Lady next to me is getting american flags airburshed on her nails. god bless the ghetto.
there's a taquito in the driveway. If it's not yours I'm going to eat it.
He was taking the caps off the vodka bottles and throwing them out the window so we'd have to finish them. Engineers have the best logic.
Dont forget the glove box taco bell stash i saved for drunk us.
he ran through my sliding door
in his defense that door gets complicated after 10 beers
Hey, this is Travis. I just so intelligently deduced that I am in a college dorm somewhere in western oregon. Probably WOU, based on the process of elimination.

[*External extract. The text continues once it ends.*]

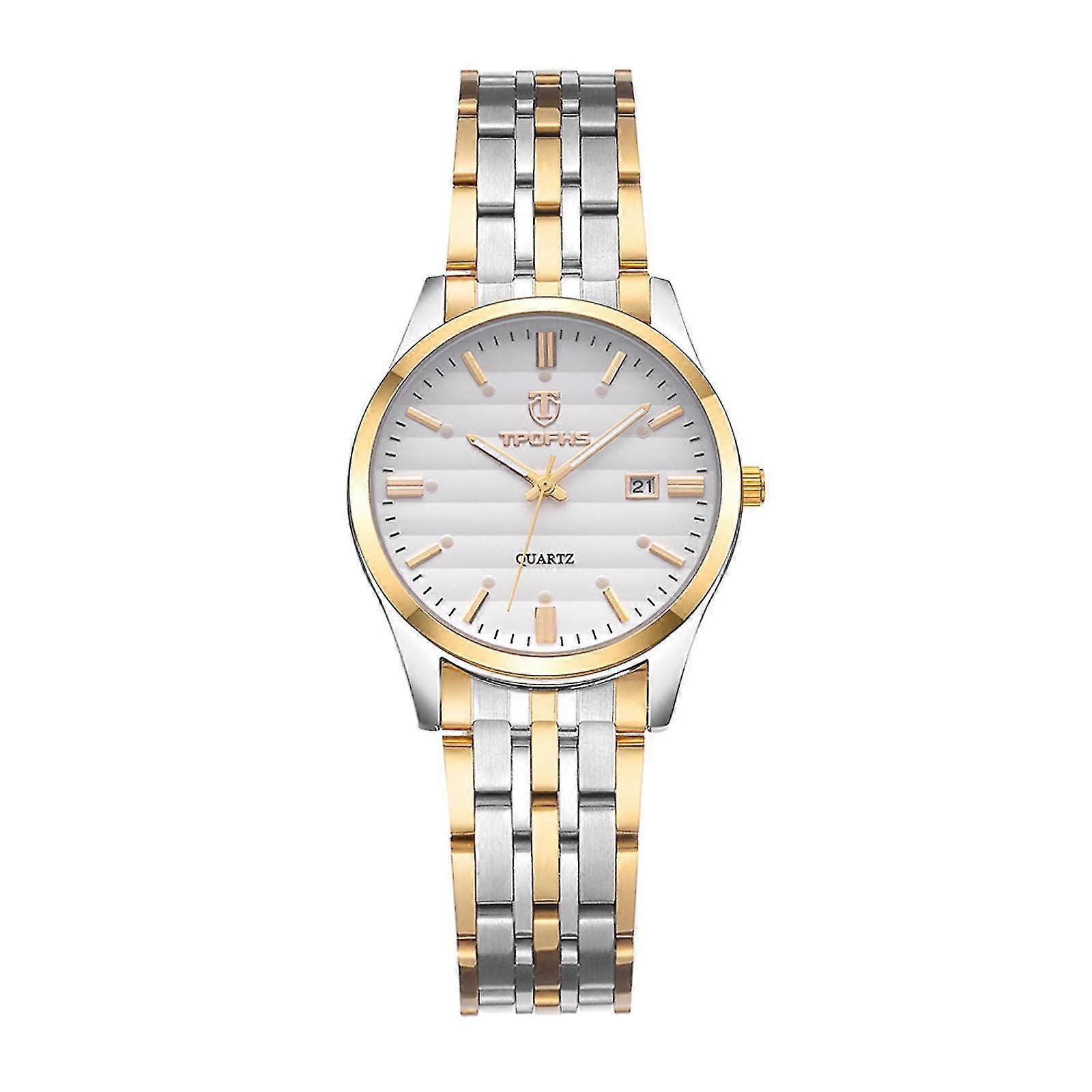 Tpofhe Lectroplating Stack Buckle Adjustable Couple Steel Strap Watch
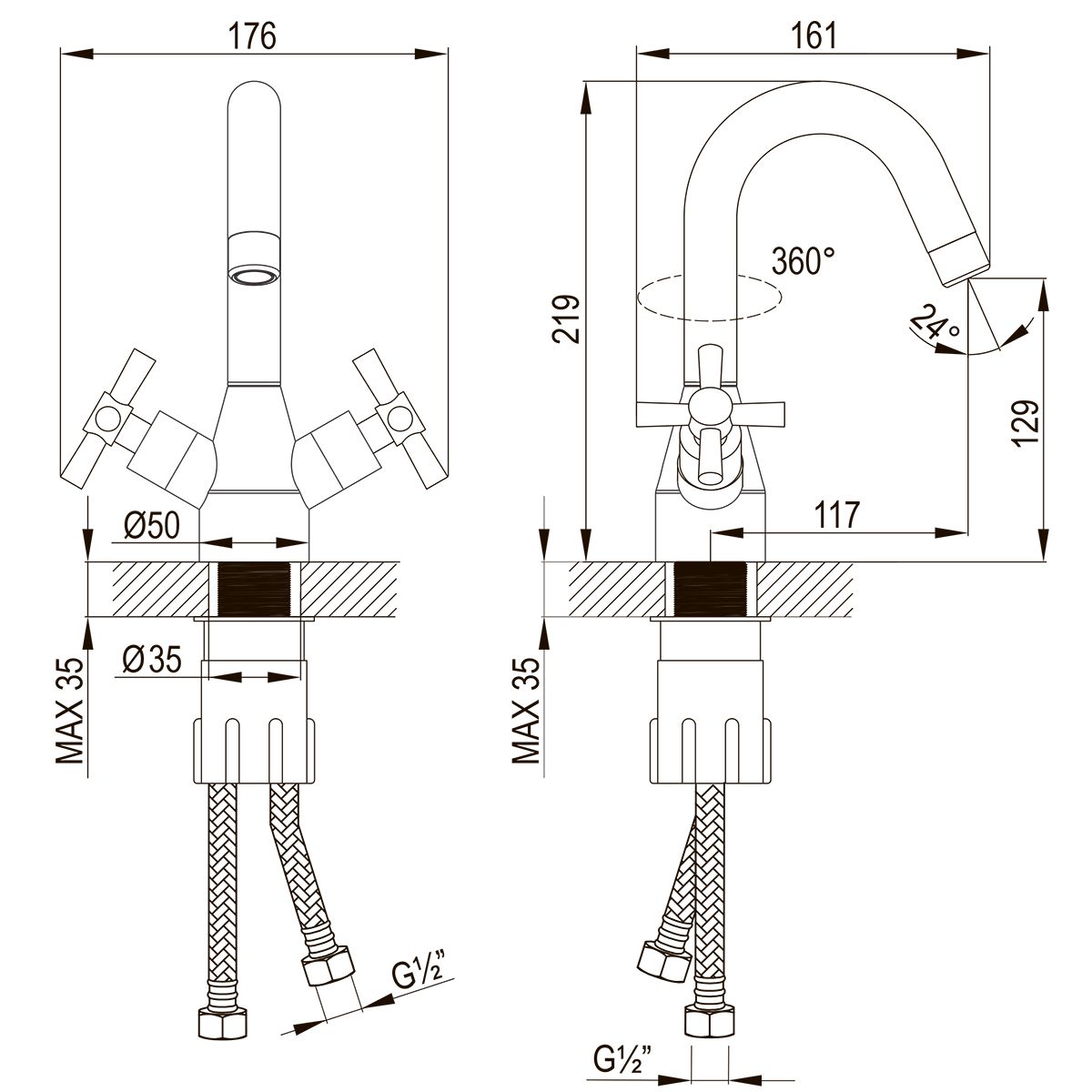 Смесители серии NEO  олицетворяют в себе новую форму элегантности. Комплектация:  Аэратор Neoperl<sup>®</sup> Cascade<sup>®</sup>, Кран-буксы с керамическими пластинами (угол поворота – 180 градусов), Гибкая подводка 1/2" 35 см, Металлические рукоятки

Im fairly sure two chicks roofied me last night. Suckers. I love free drugs.
Lets both be adults and never talk about last night again.
If I was home I'd be ouija boarding the fuck out of the house, haven't been this high since that day
Thanks for the bagel and the sex.
My booty call is in the theater watching Deadpool right now. Never though comics would work against me.
Last time I "ran into him" I ended up with the clap and had to explain why the ladder was missing from the garage.
I'm high on the exercise bike at the gym. I feel like Lance Armstrong
I'm fucking camped out by the bathrooms. I think the poopatrator is in there. Wtf is my life
Almost an end to the saga.
After we fucked we sat in bed and watched Charlie St. Cloud and he fed me ice cream. It was probably the most romantic thing I've ever done.